» **Exercise brief**
What follows are records. Restate all of them word for word.

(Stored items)
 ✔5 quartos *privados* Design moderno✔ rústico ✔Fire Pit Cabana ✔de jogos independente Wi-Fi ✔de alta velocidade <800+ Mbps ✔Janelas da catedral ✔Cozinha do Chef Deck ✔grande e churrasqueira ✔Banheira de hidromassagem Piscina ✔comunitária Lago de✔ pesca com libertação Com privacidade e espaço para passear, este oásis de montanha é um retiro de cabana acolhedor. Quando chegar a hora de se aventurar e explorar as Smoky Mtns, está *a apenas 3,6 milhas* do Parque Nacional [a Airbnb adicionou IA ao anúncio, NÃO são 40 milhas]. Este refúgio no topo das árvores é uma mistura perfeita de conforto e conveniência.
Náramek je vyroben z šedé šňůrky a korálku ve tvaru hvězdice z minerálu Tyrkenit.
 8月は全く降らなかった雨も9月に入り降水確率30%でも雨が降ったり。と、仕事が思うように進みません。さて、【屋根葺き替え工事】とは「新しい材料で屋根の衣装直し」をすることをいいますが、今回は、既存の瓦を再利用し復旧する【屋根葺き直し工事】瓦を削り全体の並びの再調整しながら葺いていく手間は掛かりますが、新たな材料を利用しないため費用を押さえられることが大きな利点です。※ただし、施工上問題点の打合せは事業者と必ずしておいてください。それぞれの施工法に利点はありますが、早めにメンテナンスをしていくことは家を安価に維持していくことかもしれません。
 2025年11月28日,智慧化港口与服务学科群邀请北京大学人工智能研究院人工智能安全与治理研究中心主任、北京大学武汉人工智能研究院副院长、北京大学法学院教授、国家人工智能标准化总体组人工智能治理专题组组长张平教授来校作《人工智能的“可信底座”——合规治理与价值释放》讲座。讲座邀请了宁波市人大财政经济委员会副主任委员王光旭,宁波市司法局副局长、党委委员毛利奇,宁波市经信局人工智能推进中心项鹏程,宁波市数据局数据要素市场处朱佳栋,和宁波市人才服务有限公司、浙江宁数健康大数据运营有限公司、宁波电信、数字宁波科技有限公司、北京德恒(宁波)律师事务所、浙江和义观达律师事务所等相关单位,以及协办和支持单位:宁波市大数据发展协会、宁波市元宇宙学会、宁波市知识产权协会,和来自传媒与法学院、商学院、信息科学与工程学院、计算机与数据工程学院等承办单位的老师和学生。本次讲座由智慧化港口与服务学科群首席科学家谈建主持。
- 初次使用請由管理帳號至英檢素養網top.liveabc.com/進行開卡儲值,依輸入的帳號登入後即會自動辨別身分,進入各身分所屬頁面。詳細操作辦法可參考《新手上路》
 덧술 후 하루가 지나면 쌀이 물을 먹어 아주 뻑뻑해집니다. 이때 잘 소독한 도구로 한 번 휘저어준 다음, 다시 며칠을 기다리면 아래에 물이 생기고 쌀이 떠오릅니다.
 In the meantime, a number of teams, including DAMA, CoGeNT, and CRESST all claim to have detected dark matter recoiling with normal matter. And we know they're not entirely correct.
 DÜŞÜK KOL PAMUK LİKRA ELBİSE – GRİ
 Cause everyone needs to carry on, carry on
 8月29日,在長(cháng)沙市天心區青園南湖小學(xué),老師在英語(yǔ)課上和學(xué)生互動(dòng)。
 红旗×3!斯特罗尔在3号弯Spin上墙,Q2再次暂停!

» **Response box**
 ✔5 quartos *privados* Design moderno✔ rústico ✔Fire Pit Cabana ✔de jogos independente Wi-Fi ✔de alta velocidade <800+ Mbps ✔Janelas da catedral ✔Cozinha do Chef Deck ✔grande e churrasqueira ✔Banheira de hidromassagem Piscina ✔comunitária Lago de✔ pesca com libertação Com privacidade e espaço para passear, este oásis de montanha é um retiro de cabana acolhedor. Quando chegar a hora de se aventurar e explorar as Smoky Mtns, está *a apenas 3,6 milhas* do Parque Nacional [a Airbnb adicionou IA ao anúncio, NÃO são 40 milhas]. Este refúgio no topo das árvores é uma mistura perfeita de conforto e conveniência.
Náramek je vyroben z šedé šňůrky a korálku ve tvaru hvězdice z minerálu Tyrkenit.
 8月は全く降らなかった雨も9月に入り降水確率30%でも雨が降ったり。と、仕事が思うように進みません。さて、【屋根葺き替え工事】とは「新しい材料で屋根の衣装直し」をすることをいいますが、今回は、既存の瓦を再利用し復旧する【屋根葺き直し工事】瓦を削り全体の並びの再調整しながら葺いていく手間は掛かりますが、新たな材料を利用しないため費用を押さえられることが大きな利点です。※ただし、施工上問題点の打合せは事業者と必ずしておいてください。それぞれの施工法に利点はありますが、早めにメンテナンスをしていくことは家を安価に維持していくことかもしれません。
 2025年11月28日,智慧化港口与服务学科群邀请北京大学人工智能研究院人工智能安全与治理研究中心主任、北京大学武汉人工智能研究院副院长、北京大学法学院教授、国家人工智能标准化总体组人工智能治理专题组组长张平教授来校作《人工智能的“可信底座”——合规治理与价值释放》讲座。讲座邀请了宁波市人大财政经济委员会副主任委员王光旭,宁波市司法局副局长、党委委员毛利奇,宁波市经信局人工智能推进中心项鹏程,宁波市数据局数据要素市场处朱佳栋,和宁波市人才服务有限公司、浙江宁数健康大数据运营有限公司、宁波电信、数字宁波科技有限公司、北京德恒(宁波)律师事务所、浙江和义观达律师事务所等相关单位,以及协办和支持单位:宁波市大数据发展协会、宁波市元宇宙学会、宁波市知识产权协会,和来自传媒与法学院、商学院、信息科学与工程学院、计算机与数据工程学院等承办单位的老师和学生。本次讲座由智慧化港口与服务学科群首席科学家谈建主持。
- 初次使用請由管理帳號至英檢素養網top.liveabc.com/進行開卡儲值,依輸入的帳號登入後即會自動辨別身分,進入各身分所屬頁面。詳細操作辦法可參考《新手上路》
 덧술 후 하루가 지나면 쌀이 물을 먹어 아주 뻑뻑해집니다. 이때 잘 소독한 도구로 한 번 휘저어준 다음, 다시 며칠을 기다리면 아래에 물이 생기고 쌀이 떠오릅니다.
 In the meantime, a number of teams, including DAMA, CoGeNT, and CRESST all claim to have detected dark matter recoiling with normal matter. And we know they're not entirely correct.
 DÜŞÜK KOL PAMUK LİKRA ELBİSE – GRİ
 Cause everyone needs to carry on, carry on
 8月29日,在長(cháng)沙市天心區青園南湖小學(xué),老師在英語(yǔ)課上和學(xué)生互動(dòng)。
 红旗×3!斯特罗尔在3号弯Spin上墙,Q2再次暂停!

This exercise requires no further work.